#### DATA SUPPLIED:

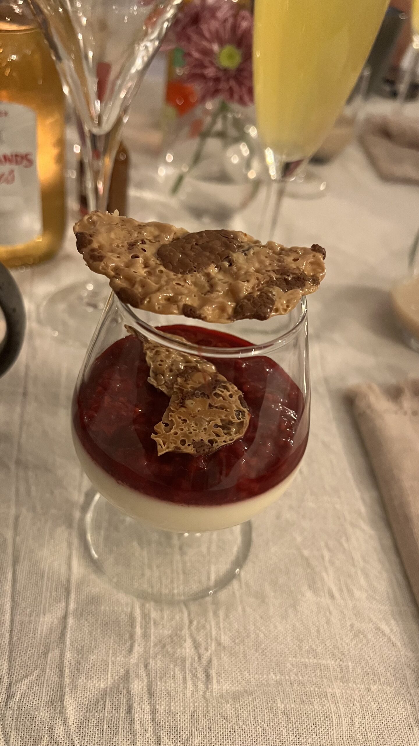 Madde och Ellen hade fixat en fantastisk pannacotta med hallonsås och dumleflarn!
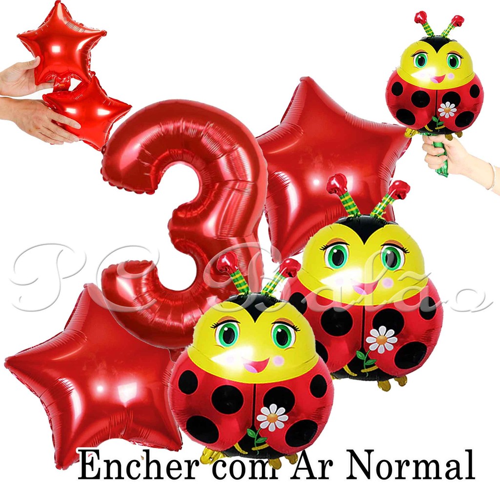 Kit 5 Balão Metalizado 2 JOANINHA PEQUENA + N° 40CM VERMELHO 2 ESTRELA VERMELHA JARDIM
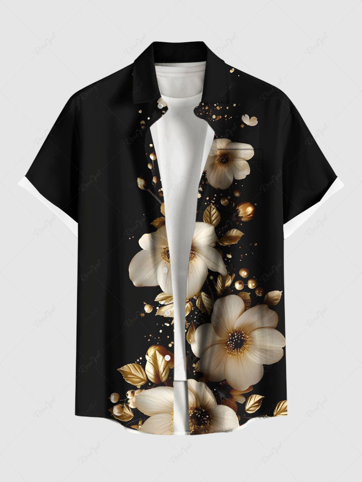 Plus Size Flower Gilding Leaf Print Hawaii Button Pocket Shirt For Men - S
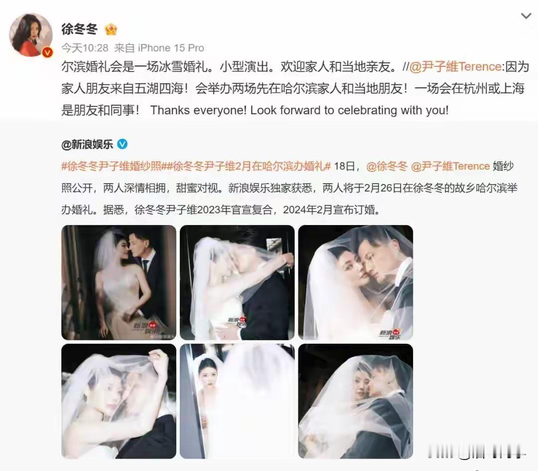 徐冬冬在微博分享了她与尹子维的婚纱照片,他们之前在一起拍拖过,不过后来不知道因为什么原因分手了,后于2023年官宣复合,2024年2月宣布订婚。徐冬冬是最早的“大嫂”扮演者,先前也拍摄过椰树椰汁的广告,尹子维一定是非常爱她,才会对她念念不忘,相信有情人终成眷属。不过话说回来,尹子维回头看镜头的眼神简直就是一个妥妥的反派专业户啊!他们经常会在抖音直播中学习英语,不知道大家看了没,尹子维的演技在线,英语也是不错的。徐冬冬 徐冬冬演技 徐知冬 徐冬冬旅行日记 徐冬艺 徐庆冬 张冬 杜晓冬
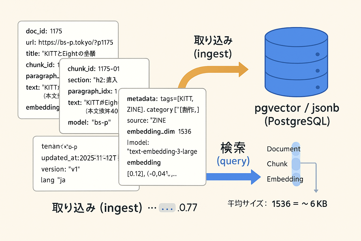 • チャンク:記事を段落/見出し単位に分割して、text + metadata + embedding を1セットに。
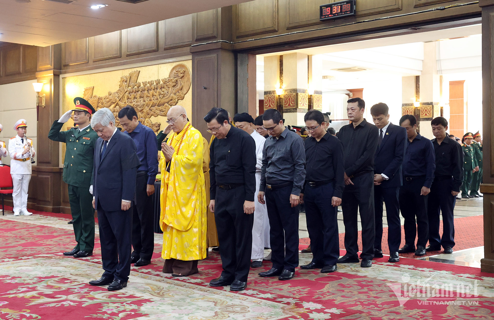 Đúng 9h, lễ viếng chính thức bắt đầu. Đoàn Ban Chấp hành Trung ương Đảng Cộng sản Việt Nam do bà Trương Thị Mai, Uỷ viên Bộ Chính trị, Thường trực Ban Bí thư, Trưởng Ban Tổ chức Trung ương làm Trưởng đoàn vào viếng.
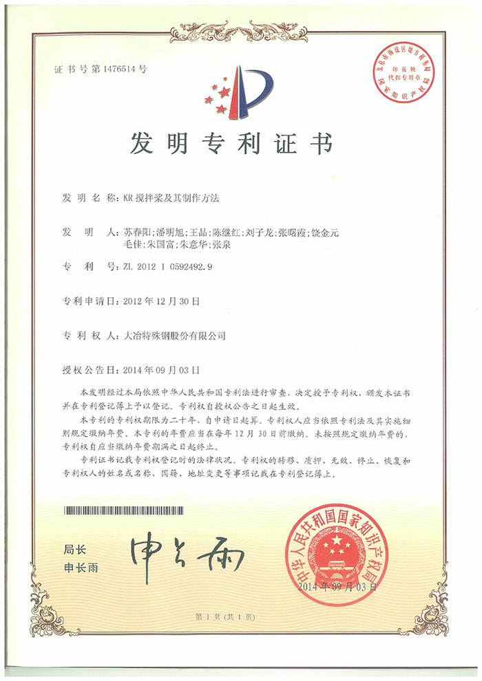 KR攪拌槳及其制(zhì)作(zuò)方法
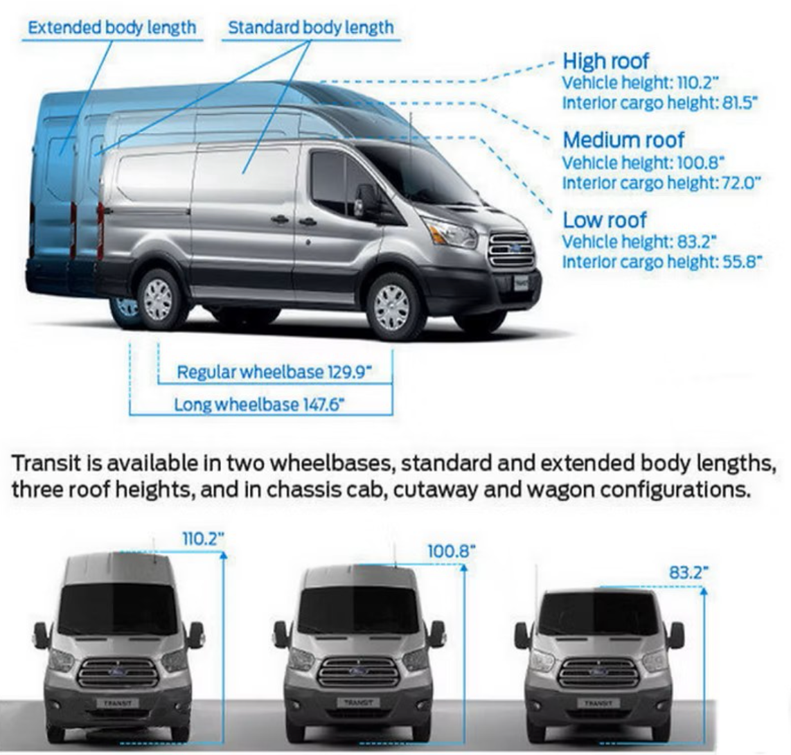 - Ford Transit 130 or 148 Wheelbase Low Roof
==
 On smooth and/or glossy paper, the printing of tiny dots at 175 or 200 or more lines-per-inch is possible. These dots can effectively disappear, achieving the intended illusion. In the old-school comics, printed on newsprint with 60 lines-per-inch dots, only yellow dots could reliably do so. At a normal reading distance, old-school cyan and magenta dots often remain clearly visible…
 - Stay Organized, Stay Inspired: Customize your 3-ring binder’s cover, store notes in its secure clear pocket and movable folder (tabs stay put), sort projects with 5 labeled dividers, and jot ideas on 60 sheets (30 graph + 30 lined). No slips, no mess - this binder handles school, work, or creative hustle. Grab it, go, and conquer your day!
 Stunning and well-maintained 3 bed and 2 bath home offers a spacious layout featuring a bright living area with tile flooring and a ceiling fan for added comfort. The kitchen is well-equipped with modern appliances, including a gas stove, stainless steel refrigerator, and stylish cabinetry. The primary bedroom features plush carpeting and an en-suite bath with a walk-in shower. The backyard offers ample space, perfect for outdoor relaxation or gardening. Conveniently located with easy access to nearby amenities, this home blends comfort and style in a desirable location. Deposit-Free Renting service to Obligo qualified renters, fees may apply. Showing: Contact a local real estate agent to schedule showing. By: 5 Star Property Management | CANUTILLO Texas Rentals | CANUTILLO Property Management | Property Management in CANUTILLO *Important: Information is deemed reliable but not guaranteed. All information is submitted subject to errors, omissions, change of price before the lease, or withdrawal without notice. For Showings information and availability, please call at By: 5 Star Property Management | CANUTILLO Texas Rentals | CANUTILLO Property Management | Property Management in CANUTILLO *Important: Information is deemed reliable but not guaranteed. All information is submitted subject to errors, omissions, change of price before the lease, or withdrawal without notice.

#### INSTRUCTIONS FOR THE TASK:
Return exactly the lines that appear in the data above between the line containing "metadata + embedding を1セットに。" and the line containing "KR攪拌槳及其制(zhì)作(zuò)方法", both of which are included, and leave the pictures out.

#### RESPONSE FOR THIS EXERCISE:
 • チャンク:記事を段落/見出し単位に分割して、text + metadata + embedding を1セットに。
 Đúng 9h, lễ viếng chính thức bắt đầu. Đoàn Ban Chấp hành Trung ương Đảng Cộng sản Việt Nam do bà Trương Thị Mai, Uỷ viên Bộ Chính trị, Thường trực Ban Bí thư, Trưởng Ban Tổ chức Trung ương làm Trưởng đoàn vào viếng.
 KR攪拌槳及其制(zhì)作(zuò)方法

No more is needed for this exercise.